Google Duplex Shows the Way to a True Virtual Assistant
We are accustomed to thinking about voice assistants as helpful in fetching information, opening apps and executing simple commands. Today, Google CEO Sundar Pichai demonstrated how a true virtual assistant can be granted agency by the user and execute complex tasks on our behalf. A statement by Google clarified the scope and timeline for Google Duplex.
“This summer, we’ll start testing a new capability within the Google Assistant to help you make restaurant reservations, schedule hair salon appointments, and get holiday hours, over the phone. Powered by a new technology we call Google Duplex, the Assistant can call businesses on your behalf and understand complex sentences, fast speech, and long remarks, so it can get tasks done through a phone conversation.”
The demonstration moderated by Mr. Pichai involved Google Assistant being asked to set an appointment for a hair cut between 10 am and 12 noon on a specific day. Google Assistant called the preferred hair salon and negotiated an appropriate time for the appointment.
A lot happened in that interaction.
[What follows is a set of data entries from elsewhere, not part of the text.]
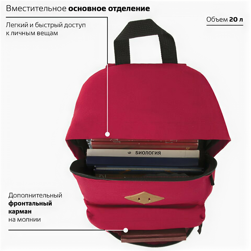 Рюкзак BRAUBERG, универсальный, сити-формат, один тон, красный, 20 литров 41х32х14 см, 225379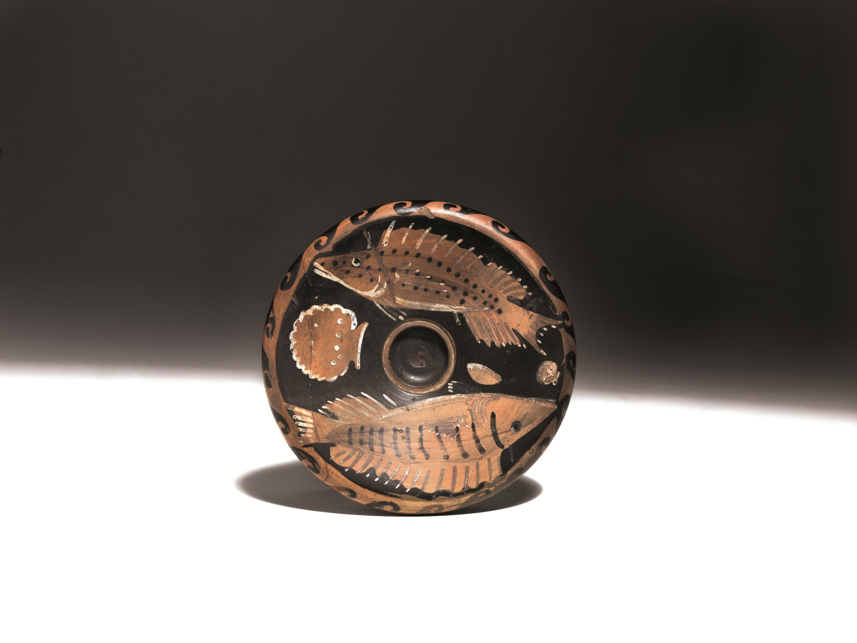 Decorazione: sul bordo meandro ad onda destrorso, nella vasca due grandi pesci alternati a conchiglie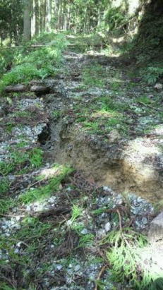 前から気になっていました箇所が 幅20メートル近く崩落して、下の林道をまたいで 土砂が谷に流れてしまいました そのために、山の上に通じる唯一の道は 土砂や滑ってきた樹木で埋まり通行不能! |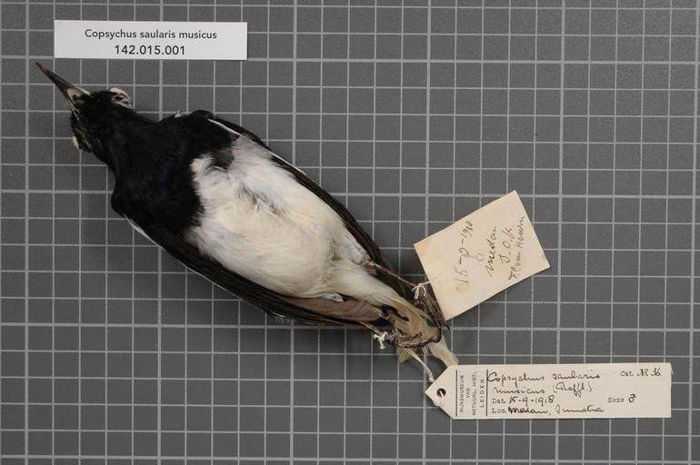 | Keywords: Naturalis Biodiversity Center - RMNH.AVES.129325 1 - Copsychus saularis musicus (Raffles, 1822) - Turdidae - bird skin specimen.jpeg artwork Dimensions artwork Document type Turdidae Copsychus Individual count 1 Infraspecific epithet musicus Infraspecific rank Institution Naturalis Kind of unit artwork Kind of unit specimen skin Life stage Medium artwork Nomenclatural code Additional info s o k Occurrence ID page Other fields Other versions artwork Permission license Naturalis donation CC-0 Publication location Scientific name Copsychus saularis musicus Raffles 1822 Scientific name authorship Raffles 1822 male Source url http //bioportal naturalis nl Specific epithet saularis State or province Subject keywords artwork Subject keywords publication Title artwork Title publication Type status Uploaded with GWToolset Naturalis_Biodiversity_Center_-_RMNH AVES 129325_1_-_Copsychus_saularis_musicus_ Raffles _1822 _-_Turdidae_-_bird_skin_specimen http //medialib naturalis nl/file/id/RMNH AVES 129325_1/format/large Media donated by Naturalis Biodiversity Center Songbird specimens at Naturalis Biodiversity Center Copsychus saularis museum specimens |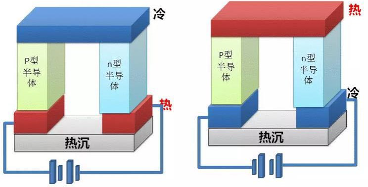 图 1. 珀尔帖效应,PN 偏节以及热流动示意图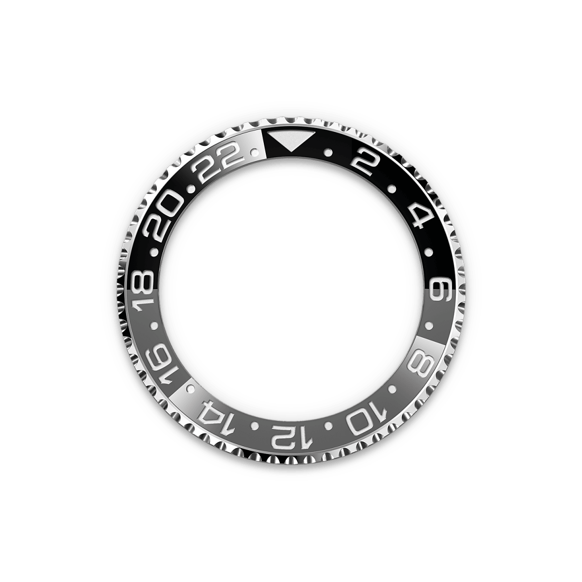 This model features a black dial and a two-colour Cerachrom bezel insert in grey and black ceramic. In addition to conventional hour, minute and seconds hands, the GMT-Master II features an arrow-tipped hand, which circles the dial once every 24 hours, as well as a bidirectional rotatable 24-hour graduated bezel.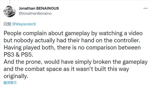 “大家都没上手玩过,仅仅是看了个视频就抱怨游戏玩法。而两者都玩过,就会知道PS3和PS5没有可比性。至于趴地匍匐这样的设计,会直接破坏游戏玩法和战斗空间,因为游戏最初不是这样设计的。”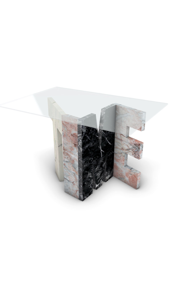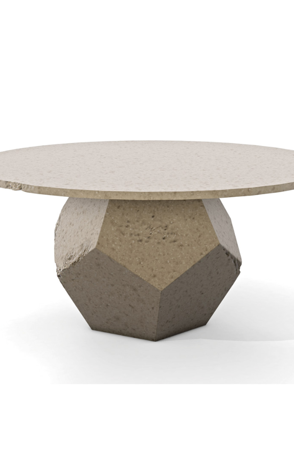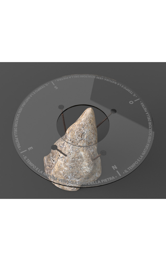 Il tavolo è composto di una roccia alta circa un metro che ne costituisce il centro e da un anello di cristallo che funge da piano. La roccia è un elemento identificativo primordiale rispetto alla pietra lavorata: la sua forma dettate dalla natura e dal tempo diventa elemento significante dell’oggetto stesso che si esplicita nella scritta presente nel cristallo: «Il tempo e la natura veri scultori della pietra».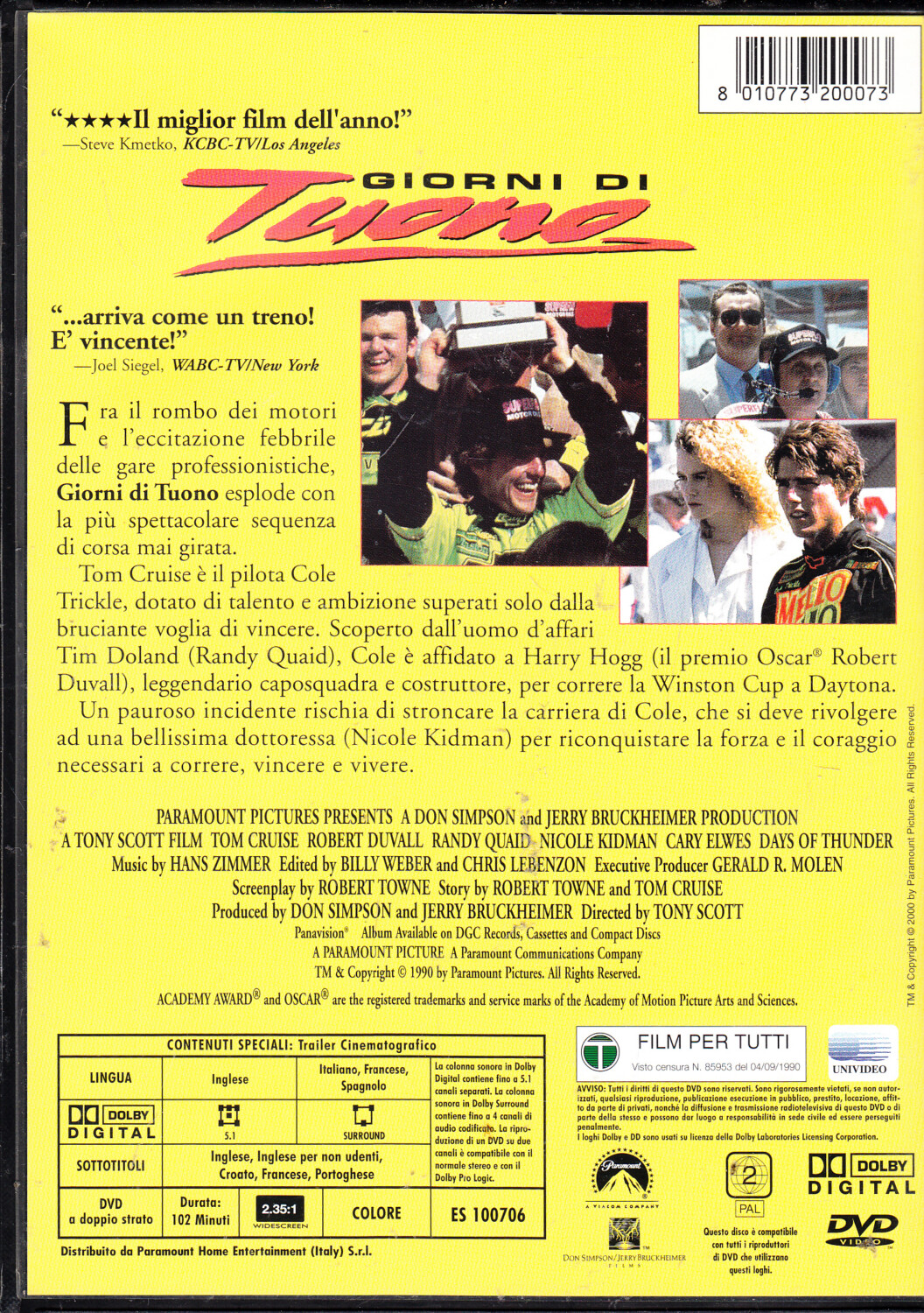 | Titolo: | Giorni di tuono un film con Tom Cruise. DVD in Italiano |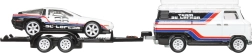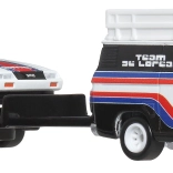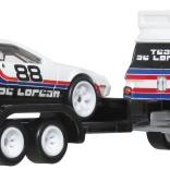Uživajte v vrhunski izdelavi in dirkaškem vzdušju s transportnim kompletom Team DeLorean. Bel vlačilec s prikolico prevaža športni avtomobil DMC DeLorean #78 v belo-črni kombinaciji z rdečimi in modrimi črtami. Set je pripravljen za takojšnje razstavljanje in igro – le vzemite ga iz škatle in se zapeljite na stezo.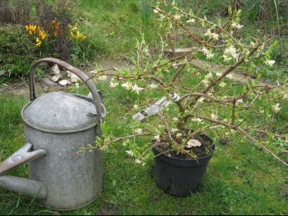 My last-minute purchase, grabbed from beside the payment hut, like a chocolate bar from a check-out, was Lonicera fragrantissima, in full bloom and smelling sweetly gorgeous. It's also only about 18 inches high. The owner made a shrewd assessment of me, and kindly explained that it was easy to keep in check at about 4ft if I pruned it before it got too big.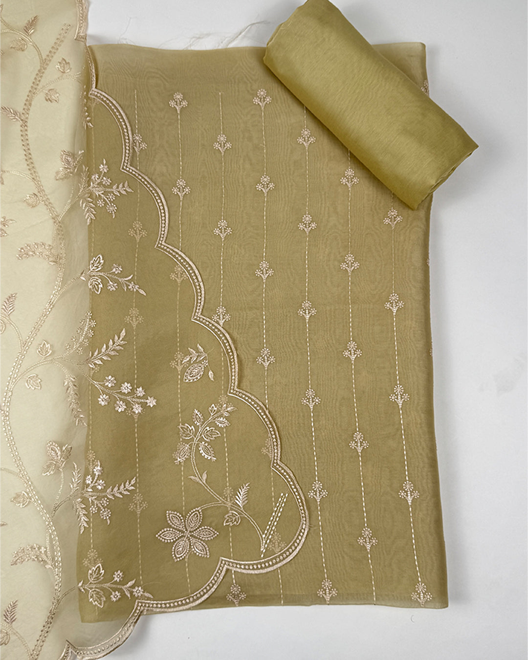 Components: 1 Unstitched Kurta (Organza) 1 Matching Unstitched Bottom 1 Dupatta with Thread Work (Organza)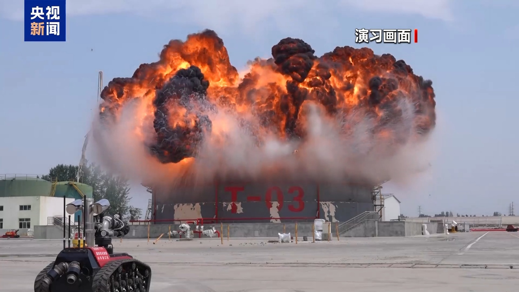 在河南濮阳,演习模拟大型危化品罐区储罐遭雷击着火,我国自主研发的超大流量远程拖车炮等装备参与成功控制火势。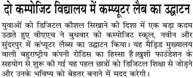 वाराणसी औरंगाबाद हाईवे (वीएएच) ने दो स्कूलों में कंप्यूटर लैब्स का उद्घाटन किया
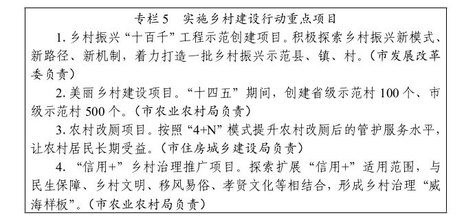“十四五”期间,以建设精致化城乡融合发展先行区为目标,紧紧围绕发展“四化一高”精致农业、建设“山海相拥”精美乡村、创树“以信为本”精细治理三大重点领域,实现我市农业高质量发展,乡村振兴战略全面推进,农业农村现代化建设走在全省前列。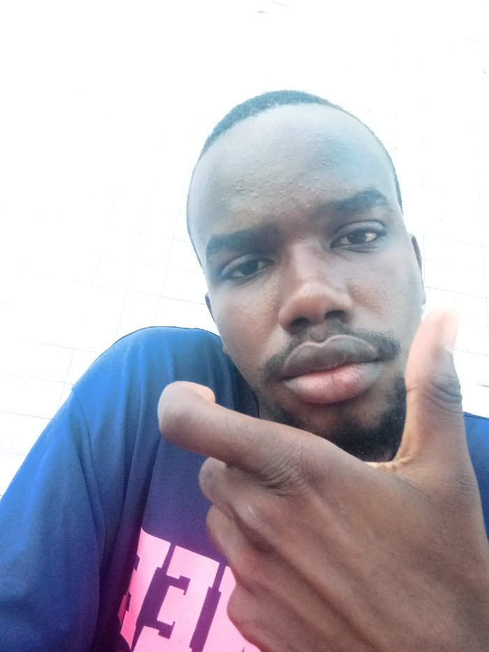 A dark-skinned adult male is depicted in a close-up, eye-level shot, appearing to be in the city of Mtopanga ward, Kenya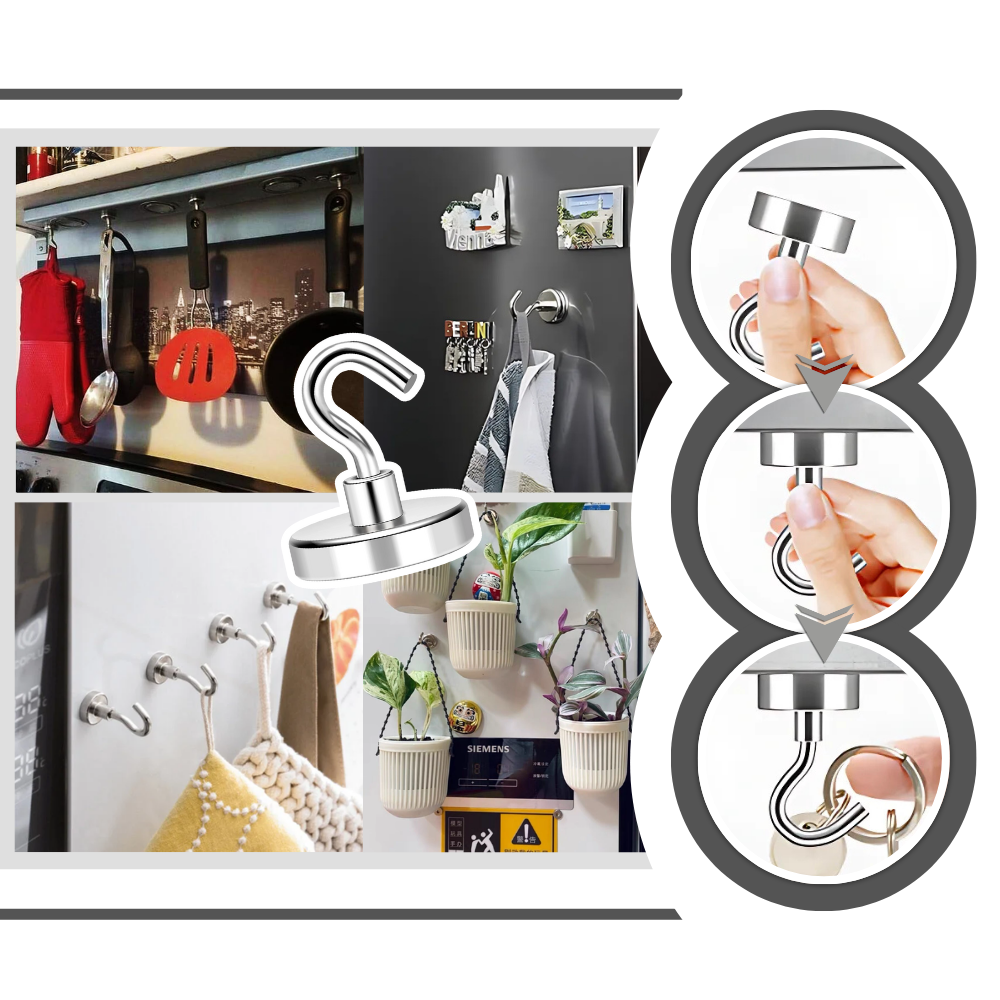 Optimisez votre espace grâce aux crochets magnétiques, parfaits pour les cabines de croisière, les cuisines, les garages et bien plus encore. Avec une force de maintien de plus de 18 kg, un revêtement résistant à la rouille et une fixation sans dommage, c'est la solution de rangement portable et réutilisable idéale.

First, Google Assistant was granted agency to complete a task that had some bounded requirements. Second, Google made a call to a salon and when a person answered asked to set an appointment for a “client.” A specific time as requested and when that time was available an alternate was suggested by the receptionist that was outside of the bounded time behind the original request. Google Assistant then asked for a start time between 10 am and 12 noon and an appointment was set for 10 am. The Assistant then confirmed the time and created a calendar entry for the user.
That interaction took about 1 minute to complete for Google Assistant after the phone was answered. However, it could have taken much longer if the caller was placed on hold or the receptionist wasn’t able to handle the request. The user saved at least one minute because the command to Google Assistant took only 1-2 seconds and zero cognitive load. Mr. Pichai commented:
It will save time for people and develop a lot of value for businesses…A common themes across all of these demonstrations is that we are working hard to give users back time.
This feature represents the next stage in assistant development. It moves virtual assistants out into the world beyond our living room or smartphone screen. Busy people have often wondered what it would be like to be in two places at once and how that could make them more productive. Features like Google Duplex enables Google Assistant to execute tasks on a user’s behalf so it is like having the productivity of personal assistant and being able to do two things at once.
This is precisely the value proposition that startup John Done hopes to tackle. The company’s co-founder and CEO Jeff Smith in 2017 demonstrated a virtual assistant calling florists in mid-town Manhattan to check on availability of a certain type of floral arrangement. The results were then reported back to the user, saving considerable time as the first several shops did not have availability.
Google also plans to use the Duplex capability to improve its own knowledge graph. When you search for local businesses Google will often surface the hours of operation. However, those hours are frequently changed during the holidays. Google Assistant can be used to call the retail outlets and automatically update the knowledge graph with the holiday hours.
Using Speech Disfluency to Increase Humanlike Nature of Voices
You may also have noticed in the video that the speech from Assistant was very humanlike. Speech disfluency interjections such as “Mm, hmm” and “um” were used by the Google Assistant. You can see in the second video below that Google Assistant also uses slang such as “gotcha.” Combined with Google’s new WaveNet powered Assistant voices, this makes the virtual assistant almost indistinguishable on the phone from a human.
Another impressive aspect to this demonstration is how well Google Assistant interpreted heavily accented English and a human speaker that was not answering the questions that were asked. Despite these issues, Assistant was still able to move the conversation forward, learn that you could not make a reservation for a table of four and that wait times on Wednesday evenings were typically not long. It will be interesting to hear how this dynamic NLU and speech disfluency works in the real world when in production this summer, but the demonstration was very impressive.